Let’s start with what’s not happening in political social media in 2023. Chatbots aren’t taking your job anytime soon, and they’re not taking over, period. We’re not Metaversing as a species just yet, but Facebook’s also not evaporating as a social network. Twitter under Elon Musk remains one tantrum away from destruction at all times, but the platform’s overall traffic hasn’t dropped as much as boycotters might have hoped.

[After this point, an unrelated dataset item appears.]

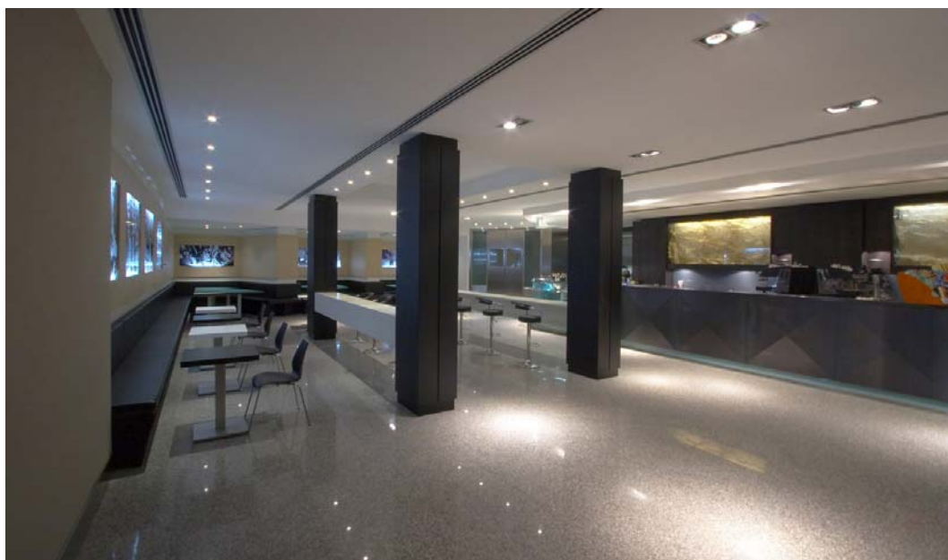
ROMA – La Caffetteria RAI – via Teulada

LUOGO DEL PROGETTO: PARIGI – Appartamento, Rue Vieille du Temple OGGETTO: Progetto di ristrutturazione e arredo interno - Rue Vieille du temple 79 Progetto Esecutivo Direzione dei lavori ANNO DI PROGETTAZIONE: 2006 - Realizzato ENTE FINANZIATORE: Privato

Still, problems at the big tech platforms naturally create new opportunities for others. When Twitter started “replatforming” previously banned accounts under Musk, users on the political left abandoned it in numbers for alternatives like Mastodon.
As a result, social media consultant and trainer Beth Becker has recently seen opportunities for Mastodon-based campaigns in her work with advocacy clients. Meanwhile, Twitter’s decision to allow paid political tweets may reflect a concern for free speech, but a cynic might also note the recent declines in brand advertising on Twitter and wonder if economics played a role.
Why not just walk away? A future without ID-verification, opaque content-flagging practices and paid blue-checks may appeal to some in the political world. But at least for now, Facebook, Twitter, TikTok and their ilk play host to too many potential voters, donors and advocates to ignore, and discussion on their platforms helps set the terms of the public debate. For all these companies’ faults, we’re stuck with them.
Paying for the Privilege
Despite our non-stop griping about Facebook, political professionals are still paying to dangle content in front of all those voters ripening on the vine before Election Day. The question is how to find the right ones. Between Apple’s iOS privacy changes and Facebook’s own limits on targeting voter demographics and interests, reaching the specific Facebook audiences — donors as well as voters — seems much harder than it did even a couple of years ago.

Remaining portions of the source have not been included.